Pattern Recognition and Pseudo-Security

One of my favorite shows on NPR is On The Media.  Each week, the hosts examine a variety of topics related to the media, mostly in the US.  I hear the show on Sunday mornings on New Hampshire Public Radio.  On February 26, 2010, the show aired a story called “The Watchers.”  It brought me back to my graduate school days and my academic roots in computer science, specifically in pattern recognition and machine learning.
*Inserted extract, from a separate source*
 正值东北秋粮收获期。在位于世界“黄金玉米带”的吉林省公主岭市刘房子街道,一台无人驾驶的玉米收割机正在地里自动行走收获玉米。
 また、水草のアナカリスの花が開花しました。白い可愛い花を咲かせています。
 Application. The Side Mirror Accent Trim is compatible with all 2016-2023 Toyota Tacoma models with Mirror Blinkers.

The story was about the value of the massive amounts of data that each of us leave behind as we go about our daily electronic lives.  In particular, John Poindexter, convicted of numerous felonies in the early 1990’s for his role in the Iran-Contra scandal (reversed on appeal), had the idea that the US government could use computers to troll through this data, looking for patterns.  When I was in graduate school, deficit hawks were interested in this idea as a way to find people who were scamming the welfare system and credit card companies were interested using it to ferret out credit card fraud.  Then George Bush became president and 9/11 occurred.  Suddenly, Poindexter’s ideas became hot within the defense department.

In 2002, Bush appointed Poindexter as the head of the Information Awareness Office, part of DARPA, and Poindexter pushed the agenda of “total information awareness,” a plan to use software to monitor the wide variety of electronic data that we each leave behind with our purchases and web browsing and cell phone calls and all of our other modern behaviors.  The idea was that by monitoring this data, the software would be able to alert us to potential terrorist activity.  In other words, the software would be able to detect the activities of terrorists as they plan their next attack.
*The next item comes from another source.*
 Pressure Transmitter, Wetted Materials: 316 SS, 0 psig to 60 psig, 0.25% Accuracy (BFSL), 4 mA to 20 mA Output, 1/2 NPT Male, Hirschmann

The On The Media story described the problems with this program, problems that we knew about way back when I was in graduate school in the early 1990’s.  The biggest problem is that the software is overwhelmed by the sheer volume of data that is currently being collected.  This problem is similar to the problem of information overload in humans.  The software can’t make sense of so much data.  “Making sense” of the data is a prerequisite for being able to find patterns within the data.
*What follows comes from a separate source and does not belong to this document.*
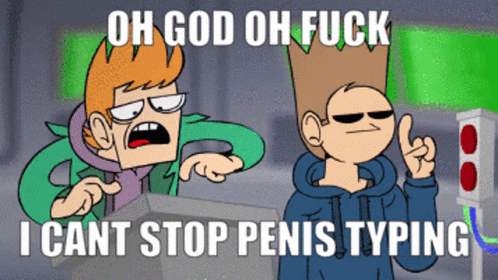 Eddsworld characters Matt and Tom reacting to a 'can't stop penis typing' meme, related to 'Taco Sex'.
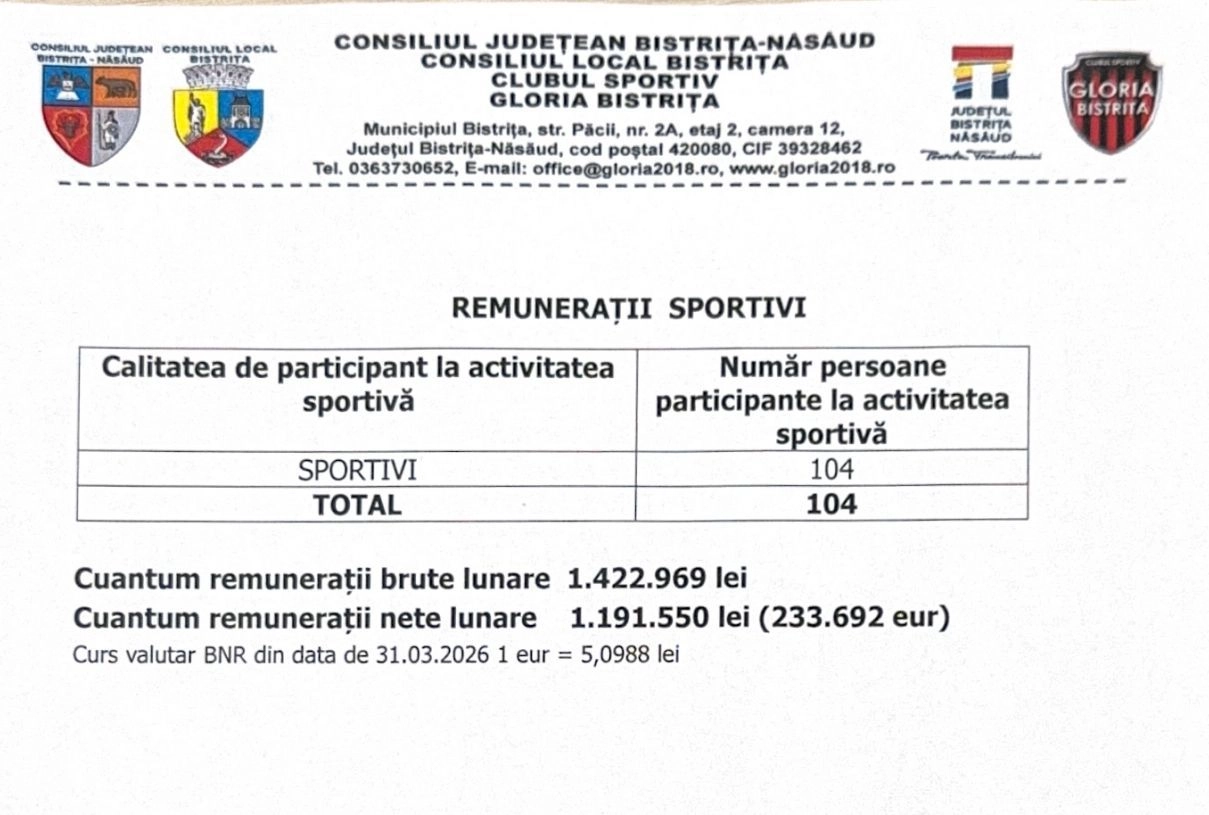 Bugetul salarial al Gloriei Bistrița: peste 100 de sportivi și zeci de angajați

Why do we care about this issue?  There are a couple of reasons.  The first is that we’re spending a lot of money on this software.  In a time when resources are scarce, it seems crazy to me that we’re wasting time and money on a program that isn’t working.  The second reason is that data about all of us is needlessly being collected and so our privacy is potentially being invaded (if anyone or any software happens to look at the data).  Poindexter’s original idea was that the data would be “scrubbed” so that identifying information was removed unless a problematic pattern was identified.  This particular requirement has been forgotten so that our identifying information is attached to each piece of data as it is collected.  But I think the main reason we should care about this wasted program is because it is another example of security theater, which I’ve written about before.  It does nothing to make us actually safer but is instead a way of pretending that we are safer.

When I was in graduate school, I would never have thought that we would still be talking about this idea all these years later.  Learning from the past isn’t something we do well.